▶ **TASK OBJECTIVE**
Could the data below please be reproduced word for word, without the pictures?

▶ **SUPPLIED INFORMATION**
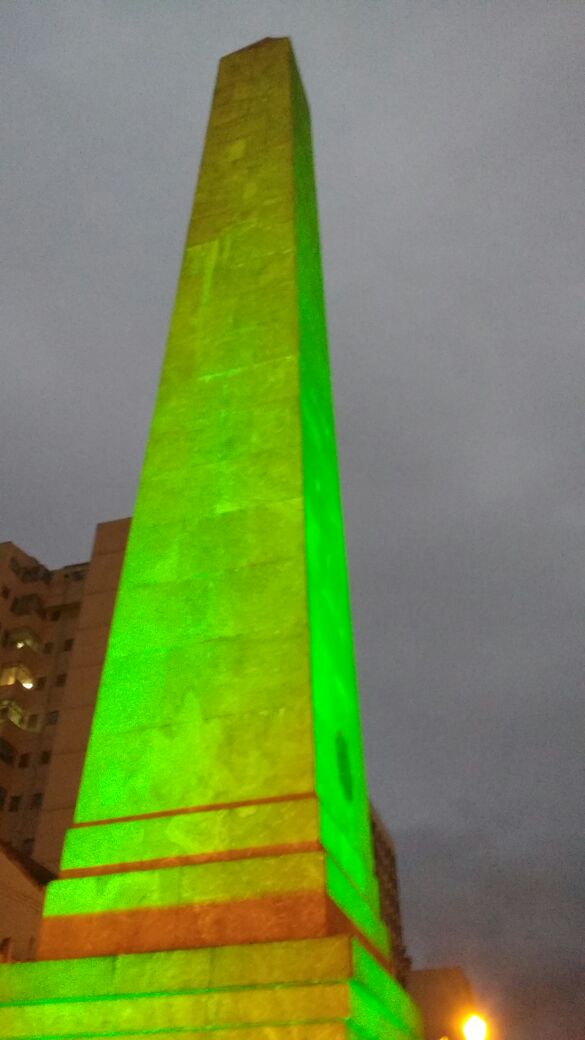 O Obelisco, na Rua do Imperador, com o verde da Defensoria Pública
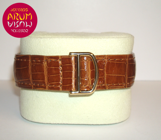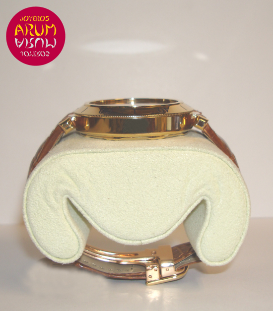 Description :yellow gold, blue dial, sapphire crystal, quartz movement, chronograph, three indicators on the dial, seconds, minutes, hours, date at six, crown with protector and two buttons decorated with cabochons, diameter 38,5 mm, brown leather strap, gold folding clasp.
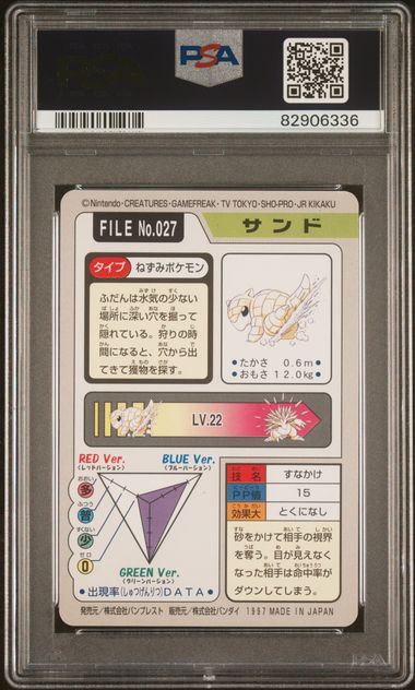 PSA 8 - Sandshrew Line #027 1997 Bandai Carddass Pocket Monsters - Pokemon
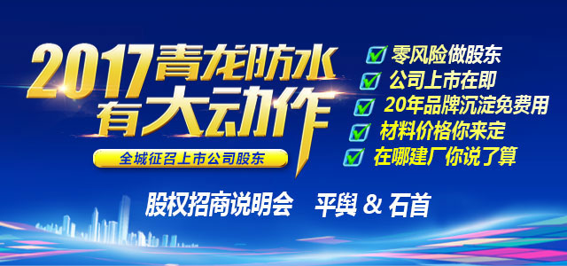 加盟青龍建材股份,20年防水品牌免費(fèi)給你用,投資50萬,做上市公司股東!合作辦廠,防水材料價(jià)格你說了算!心動(dòng)不如行動(dòng),選擇大于努力!

▶ **WRITTEN REPLY**
 O Obelisco, na Rua do Imperador, com o verde da Defensoria Pública
 Description :yellow gold, blue dial, sapphire crystal, quartz movement, chronograph, three indicators on the dial, seconds, minutes, hours, date at six, crown with protector and two buttons decorated with cabochons, diameter 38,5 mm, brown leather strap, gold folding clasp.
 PSA 8 - Sandshrew Line #027 1997 Bandai Carddass Pocket Monsters - Pokemon
 加盟青龍建材股份,20年防水品牌免費(fèi)給你用,投資50萬,做上市公司股東!合作辦廠,防水材料價(jià)格你說了算!心動(dòng)不如行動(dòng),選擇大于努力!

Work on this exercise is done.